- WHAT TO DO
Every line from the top of the records through the one bearing "上一篇:2015春季長沙市一" is to be reproduced exactly, and pictures are to be left out.

[RECORD SET — start]

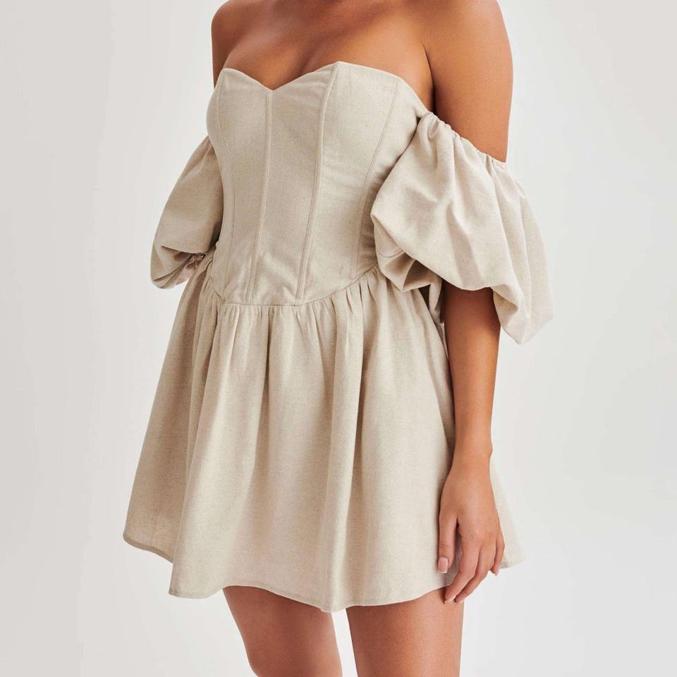 เดรสฤดูใบไม้ร่วงราคาถูกสำหรับผู้หญิง เดรสผ้าลินินคอตตอนแบบเรียบหรู ไหล่เดียว เซ็กซี่ สไตล์มินิ Y2k OOTD
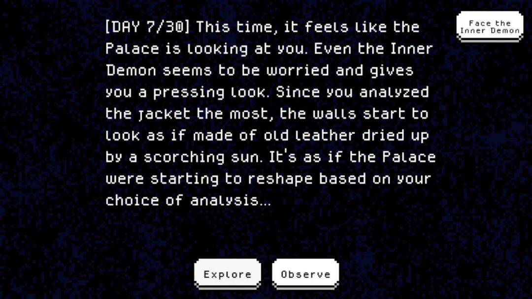 一款文字冒险游戏,讲述驱除朋友体内恶魔的故事。分析承载记忆的物品,揭开她被附身的缘由,与她对话并找出该为祭品献出哪件物品。无论付出何种代价,都要拯救你的朋友。
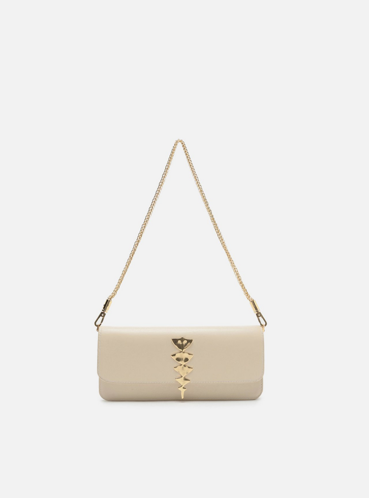 Bolsa shoulder pequena em couro branca. O acessório tem formato estruturado e acabamento macio. Traz detalhe frontal em metais dourados com inspiração marítima. Possui fecho em tampo com imã e alça removível em corrente metálica.
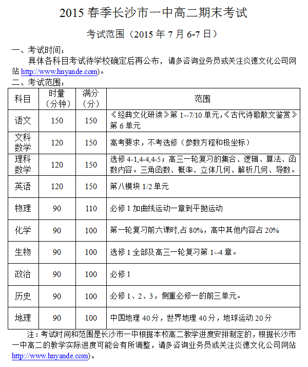 上一篇:2015春季長沙市一中高二學(xué)業(yè)水平考試仿真模擬試卷二考試時間安排(2015年5月31日-6月2日)
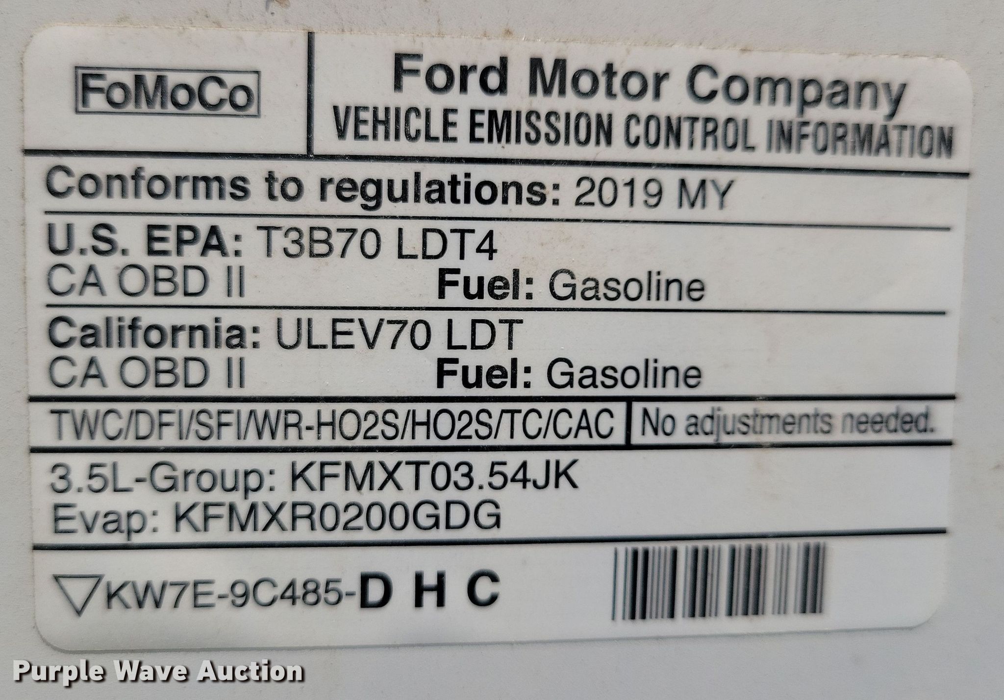 2019 Ford F150 XL SuperCrew pickup truck. Miles: 128,583 on odometer, Hours: 4,890 on meter, VIN: 1FTEW1E42KKD17114, Unit #: CG228. Engine Displacement: 3.5L V6, Cylinders: 6, Fuel type: Gas. Transmission Automatic, Four wheel drive. Interior AC, Heat, Seat: Power driver, Power windows, Power locks, Cruise control, Backup camera. Tires Size: 265/70R17. Notes Dash warning indicator: Check engine, Airbag, No center console, Engine issues, may need replaced Rough idle, Low compression. South Dakota title. Title distribution may be delayed up to 14 days from verification of funds. State of South Dakota. Pierre, SD 57501

[RECORD SET — finish]

- RESULT
 เดรสฤดูใบไม้ร่วงราคาถูกสำหรับผู้หญิง เดรสผ้าลินินคอตตอนแบบเรียบหรู ไหล่เดียว เซ็กซี่ สไตล์มินิ Y2k OOTD
 一款文字冒险游戏,讲述驱除朋友体内恶魔的故事。分析承载记忆的物品,揭开她被附身的缘由,与她对话并找出该为祭品献出哪件物品。无论付出何种代价,都要拯救你的朋友。
 Bolsa shoulder pequena em couro branca. O acessório tem formato estruturado e acabamento macio. Traz detalhe frontal em metais dourados com inspiração marítima. Possui fecho em tampo com imã e alça removível em corrente metálica.
 上一篇:2015春季長沙市一中高二學(xué)業(yè)水平考試仿真模擬試卷二考試時間安排(2015年5月31日-6月2日)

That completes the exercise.